--- Data Enclosed Below ---
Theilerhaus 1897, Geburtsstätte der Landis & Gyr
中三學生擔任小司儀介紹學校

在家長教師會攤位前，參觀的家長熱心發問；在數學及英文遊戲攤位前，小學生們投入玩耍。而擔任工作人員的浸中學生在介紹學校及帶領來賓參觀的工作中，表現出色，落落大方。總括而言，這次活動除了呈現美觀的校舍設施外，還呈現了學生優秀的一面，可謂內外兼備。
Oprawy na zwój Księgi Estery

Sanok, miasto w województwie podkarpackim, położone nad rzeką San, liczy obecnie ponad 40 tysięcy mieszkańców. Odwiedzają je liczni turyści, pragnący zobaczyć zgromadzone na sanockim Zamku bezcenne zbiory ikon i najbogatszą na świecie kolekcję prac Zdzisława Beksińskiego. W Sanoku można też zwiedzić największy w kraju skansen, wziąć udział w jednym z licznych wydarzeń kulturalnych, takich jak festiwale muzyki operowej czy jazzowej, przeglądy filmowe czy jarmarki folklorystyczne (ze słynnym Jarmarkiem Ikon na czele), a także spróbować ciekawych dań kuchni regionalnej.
--- End of Enclosed Data ---
--- Data Enclosed Below ---
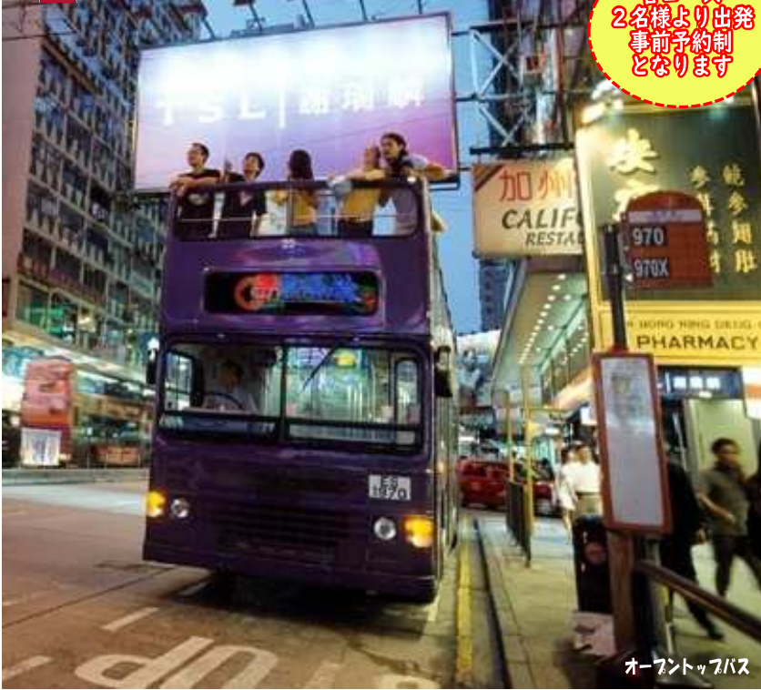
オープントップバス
--- End of Enclosed Data ---
--- Data Enclosed Below ---
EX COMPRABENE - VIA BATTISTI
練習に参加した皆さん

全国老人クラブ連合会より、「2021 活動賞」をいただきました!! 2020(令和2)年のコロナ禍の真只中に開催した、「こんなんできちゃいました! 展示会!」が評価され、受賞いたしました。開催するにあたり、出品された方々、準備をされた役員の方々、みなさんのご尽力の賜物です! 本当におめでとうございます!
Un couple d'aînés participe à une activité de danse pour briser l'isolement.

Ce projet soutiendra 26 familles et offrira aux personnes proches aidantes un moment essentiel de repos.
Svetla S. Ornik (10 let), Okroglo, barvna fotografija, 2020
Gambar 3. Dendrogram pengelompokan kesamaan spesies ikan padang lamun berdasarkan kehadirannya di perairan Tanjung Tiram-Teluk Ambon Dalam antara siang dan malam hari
--- End of Enclosed Data ---
Print the lines above from the one with "Theilerhaus 1897, Geburtsstätte" through the one with "Sanok, miasto w", both included, exactly as written and nothing more.

Theilerhaus 1897, Geburtsstätte der Landis & Gyr
中三學生擔任小司儀介紹學校

在家長教師會攤位前，參觀的家長熱心發問；在數學及英文遊戲攤位前，小學生們投入玩耍。而擔任工作人員的浸中學生在介紹學校及帶領來賓參觀的工作中，表現出色，落落大方。總括而言，這次活動除了呈現美觀的校舍設施外，還呈現了學生優秀的一面，可謂內外兼備。
Oprawy na zwój Księgi Estery

Sanok, miasto w województwie podkarpackim, położone nad rzeką San, liczy obecnie ponad 40 tysięcy mieszkańców. Odwiedzają je liczni turyści, pragnący zobaczyć zgromadzone na sanockim Zamku bezcenne zbiory ikon i najbogatszą na świecie kolekcję prac Zdzisława Beksińskiego. W Sanoku można też zwiedzić największy w kraju skansen, wziąć udział w jednym z licznych wydarzeń kulturalnych, takich jak festiwale muzyki operowej czy jazzowej, przeglądy filmowe czy jarmarki folklorystyczne (ze słynnym Jarmarkiem Ikon na czele), a także spróbować ciekawych dań kuchni regionalnej.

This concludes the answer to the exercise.